Все эти сокровища, все предметы обстановки, этот свет, этот порядок, эти ароматы, эти невиданные растения — все это ты. Ты — и эти огромные реки, и спокойные проливы. Плывущие по ним огромные корабли с грузом несметных богатств, откуда доносится монотонное пение гребцов, — это мои мысли, которые дремлют или медленно покачиваются на твоей груди. Ты с нежностью влечешь их к морю, которое есть Бесконечность, отражая всю глубину неба в прозрачности своей прекрасной души; и когда, усталые от тягот пути, нагруженные диковинами Востока, они возвращаются в родную гавань, — это мои мысли, обогащенные, вновь устремляются к тебе из Бесконечности.
XIX. Игрушка бедняка
Я хочу предложить вам одно невинное развлечение. Так мало существует забав, которые не были бы порочны! Когда утром вы выходите из дома, намереваясь совершить прогулку в окрестностях города, наполните карманы нехитрыми безделушками — вроде заурядного паяца на веревочке, кузнецов, стучащих по наковальне, или всадника на лошади-свистульке — и у порога трактира или в тени придорожных деревьев раздайте их незнакомым бедным детям, которых вы повстречаете. Вы увидите, как непомерно расширятся их глаза. Вначале они не осмелятся принять подарок, они не поверят своему счастью. Затем их ручонки быстро выхватят у вас сокровище, и они умчатся прочь, как это делают кошки, чтобы подальше от вас съесть тот кусок, что вы им дали, взяв себе за обычай держаться от человека на расстоянии.
На песчаной дорожке позади решетки обширного сада, в глубине которого сиял прекрасный белый замок, освещенный солнцем, стоял малыш, хорошенький и свеженький, одетый в один из тех «сельских» нарядов, что смотрятся особенно кокетливо.

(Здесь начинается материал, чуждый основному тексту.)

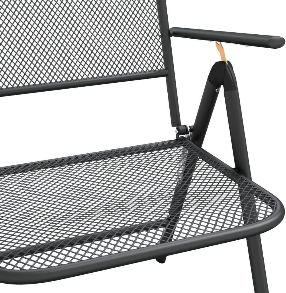 One of the most striking features is the sturdy expanded metal mesh design with a sleek anthracite finish that brings a modern edge to any outdoor space.This mesh not only adds aesthetic appeal but also offers practical benefits, such as enhanced water drainage that prevents pooling after rain, helping to maintain durability over time. The powder-coated e-coating effectively protects against rust and weather damage, ensuring the set withstands the elements season after season while retaining its sophisticated look.

Роскошь, беззаботность и зрелище привычного богатства делают этих детей такими очаровательными, словно они и впрямь слеплены из иного теста, нежели дети зажиточных мещан или бедняков.
Рядом с ним лежала брошенная в траву чудесная игрушка, такая же свеженькая, как и ее хозяин, сверкающая лаком и позолотой, одетая в пурпурное платье, украшенная плюмажем и стеклянными бусами.
Но ребенок не обращал внимания на свою любимую игрушку. И вот на что он смотрел.
По другую сторону решетки, на дороге, среди зарослей чертополоха и крапивы, стоял другой ребенок, грязный, хилый, чумазый, один из тех крошечных изгоев, в которых беспристрастный глаз способен увидеть благородство — подобно тому, как глаз истинного знатока различает шедевр живописи под грубым слоем каретного лака, — словно бы снимая отвратительный налет нищеты.
Сквозь эту символическую преграду, разделяющую два мира — большую дорогу и замок, бедный ребенок показывал богатому свою собственную игрушку, которую тот рассматривал с жадным интересом, словно редкую, необычную диковину. Игрушка эта, которой маленький грязнуля так дразнил чужое воображение, потрясая и размахивая ею в зарешеченном ящике, — была живая крыса! Родители, несомненно в целях экономии, раздобыли ему игрушку прямо из жизни.
И двое детей по-братски улыбались друг другу, сверкая зубами одинаковой белизны!
XX. Дары Фей
Это было великое собрание фей, которые намеревались заняться распределением даров среди новорожденных, прибывших в этот мир за последние двадцать четыре часа.
Все эти своенравные сестры Судьбы, подательницы радости и горя, сильно отличались друг от друга: у одних был вид угрюмый и мрачный, у других — задорный и лукавый; одни были юными и всегда оставались юными, другие — старыми и всегда оставались старыми.